Mas antes, é preciso lembrar que a “crise” atual do IPEA remonta, como visto acima, em parte à sua origem tecnoburocrática, economicista e autoritária; em outra parte, à profunda crise civilizatória (da qual a crise econômica e do padrão de desenvolvimento brasileiro talvez sejam as facetas mais evidentes) das décadas de 1980 e 1990. Como se sabe, durante a década de 1980, premido, sobretudo, pelo regime de estagnação econômica com alta inflação, a função-planejamento governamental e suas instituições federais como o IPEA (mas também toda a rede de instituições estaduais de planejamento e pesquisa) foi perdendo espaço, poder e funcionalidade dentro do aparato mais geral do Estado brasileiro. Este, por sinal, vivia um processo de reconstrução movido por sinais bastante contraditórios entre si: de um lado, a força positiva e pujante da redemocratização das instituições e da própria comunidade política nacional; de outro, a já citada crise interna que se agravava pela crescente submissão do país aos tão elogiados compromissos internacionais de ajuste econômico e realinhamento político rumo ao neoliberalismo.
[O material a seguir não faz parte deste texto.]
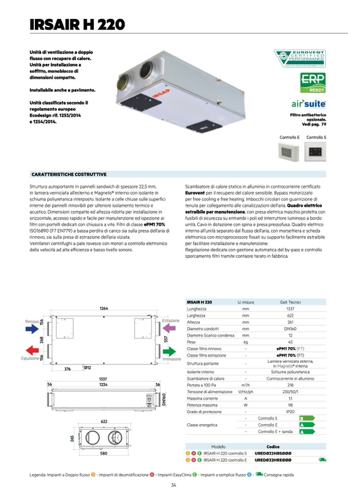 Legenda: Impianti a Doppio flusso D - Impianti di deumidificazione H - Impianti EasyClima E - Impianti a semplice flusso S -
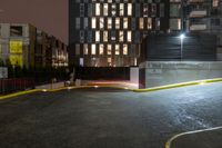 A nighttime view of a straight road in the urban city of Toronto, Canada. The street is illuminated with artificial lights from the city and parking structures. The dark night sky contrasts with the bright city lights, creating a captivating urban scene.
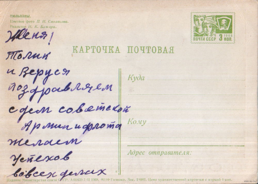 Подписанная открытка 1968г. "Тюльпаны" фото П. Смоляков
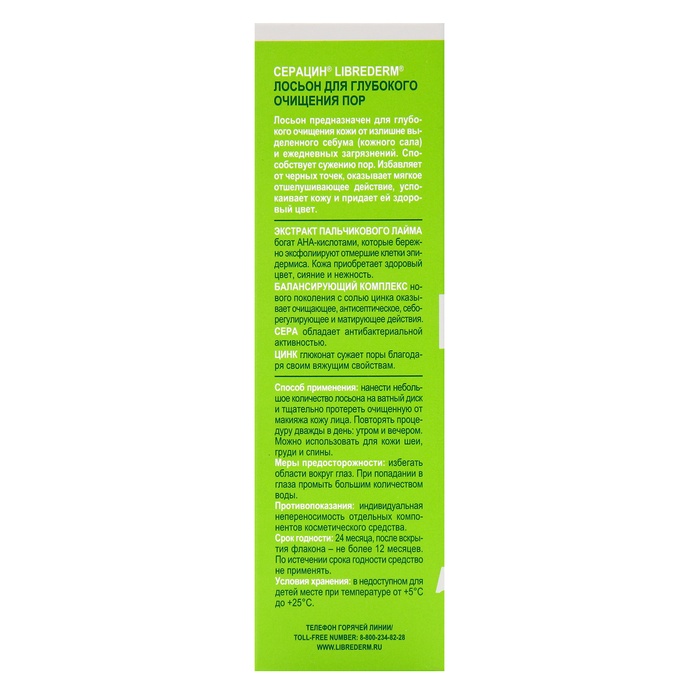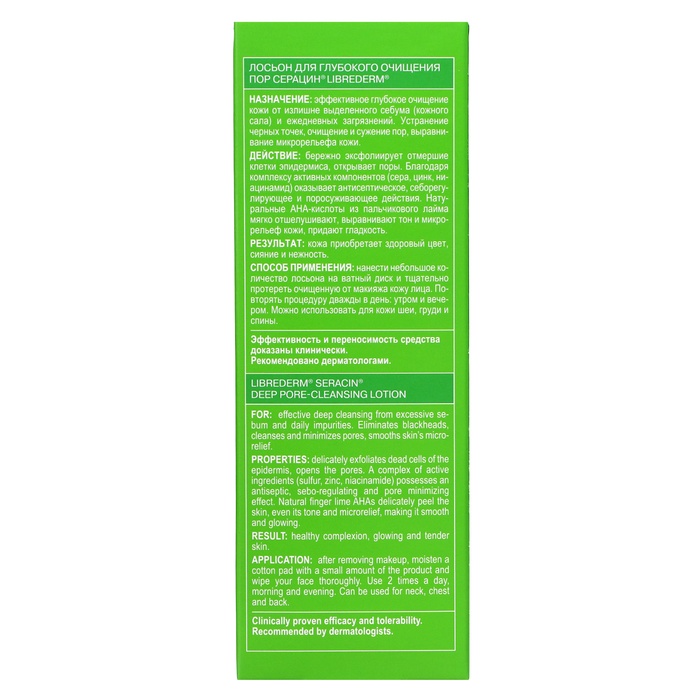 Серацин Либридерм – полная замена средств для ухода за проблемной кожей ,включающая как проверенные активные компоненты, так и новые инновационные комплексы, которые показали свою эффективность в испытаниях in vitro и in vivo Результат: кожа обретает здоровый внешний вид, без блеска и высыпаний.
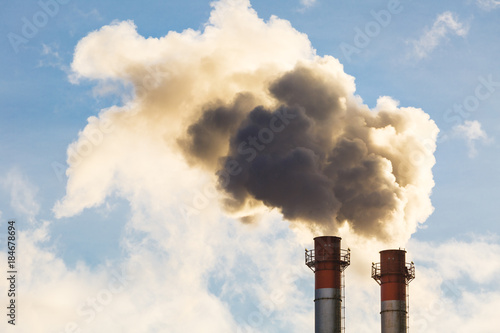 Stream of dark smoke from the chimney of factory in the industrial district
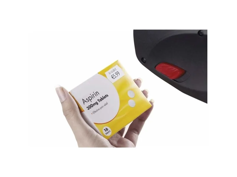 Etikettengröße 26 x 16 mm. Die Preisetiketten haben die traditionelle Form eines Preisschildes und sind mit einer Sicherheitsperforation versehen, um Manipulationen am Etikett zu verhindern. Die obere Zeile des Preisschildes bietet Platz für maximal 8 alphanumerische Zeichen und die untere Zeile für maximal 10 alphanumerische Zeichen.
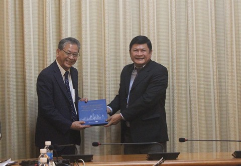 | Le vice-président du Comité populaire de Hô Chi Minh-Ville, Huynh Cach Mang (droite), remet un cadeau souvenir à l'ancien ambassadeur du Japon au Vietnam, Fukuda Hiroshi, le 23 mai. |
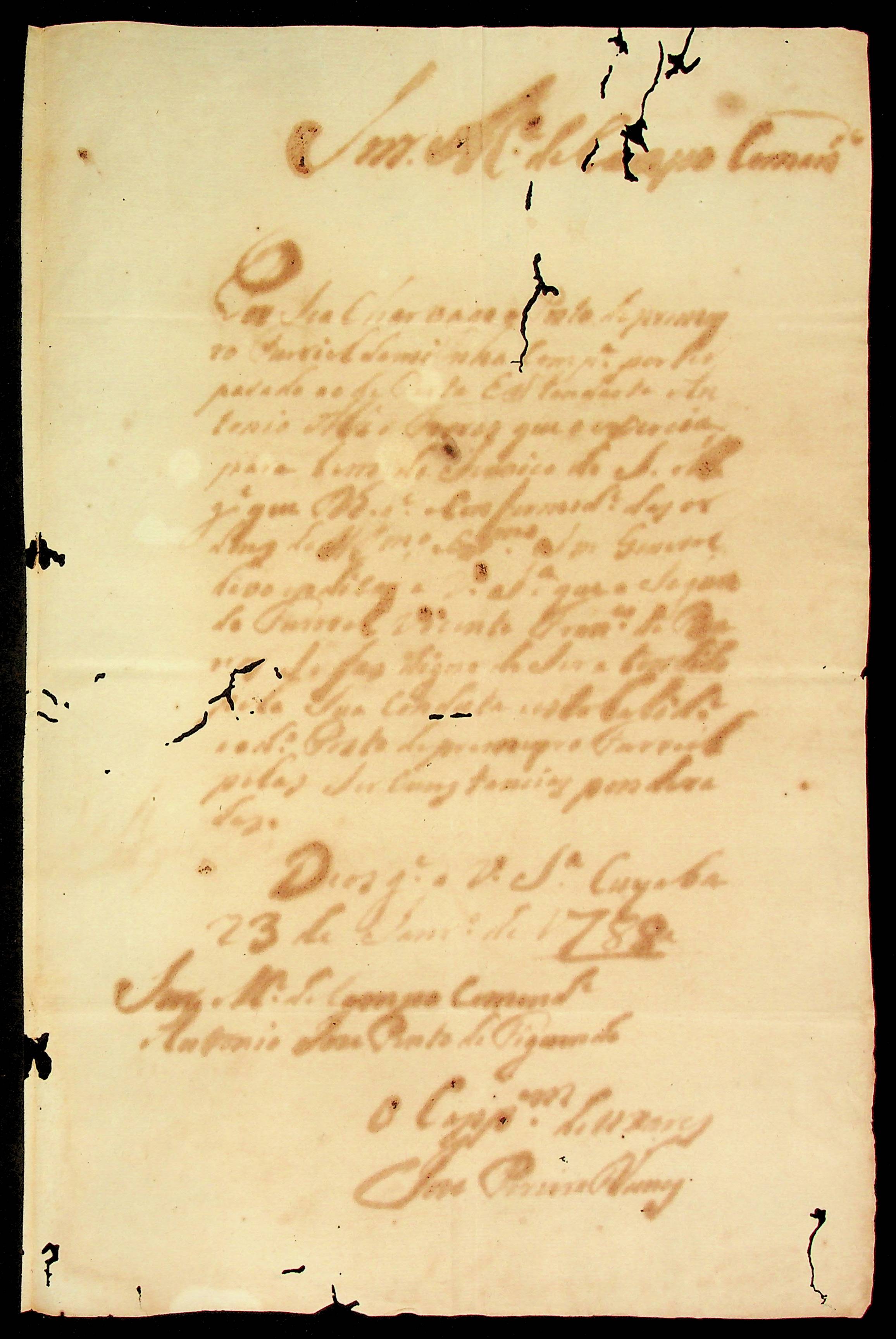 CARTA do Capitão das Ordenanças da Vila de Cuiabá José Pereira Nunes ao Mestre de Campo Antônio José Pinto de Figueiredo.
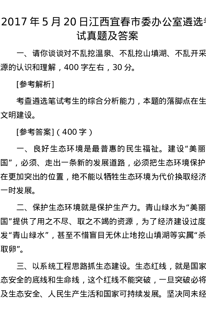 2017年5月20日江西宜春市委办公室遴选考试真题及答案

É neste bojo que houve, entre 1986 e 1995, por exemplo, um longo interregno de não-renovação de quadros no IPEA, que apenas esporadicamente incorporava servidores vindos de outras instituições do país. Em 1990, outro exemplo, o IPEA esteve a ponto de ser fechado pela sanha liberal do Governo Collor. E isso até fazia sentido à época, já que num contexto de refundação liberal do Estado e do novo modelo de desenvolvimento ali pretendido, não poderia mesmo fazer sentido manter um órgão destinado a fazer “pesquisa academicamente orientada e planejamento do mercado”... Muito custo, poucos benefícios, ainda que privados!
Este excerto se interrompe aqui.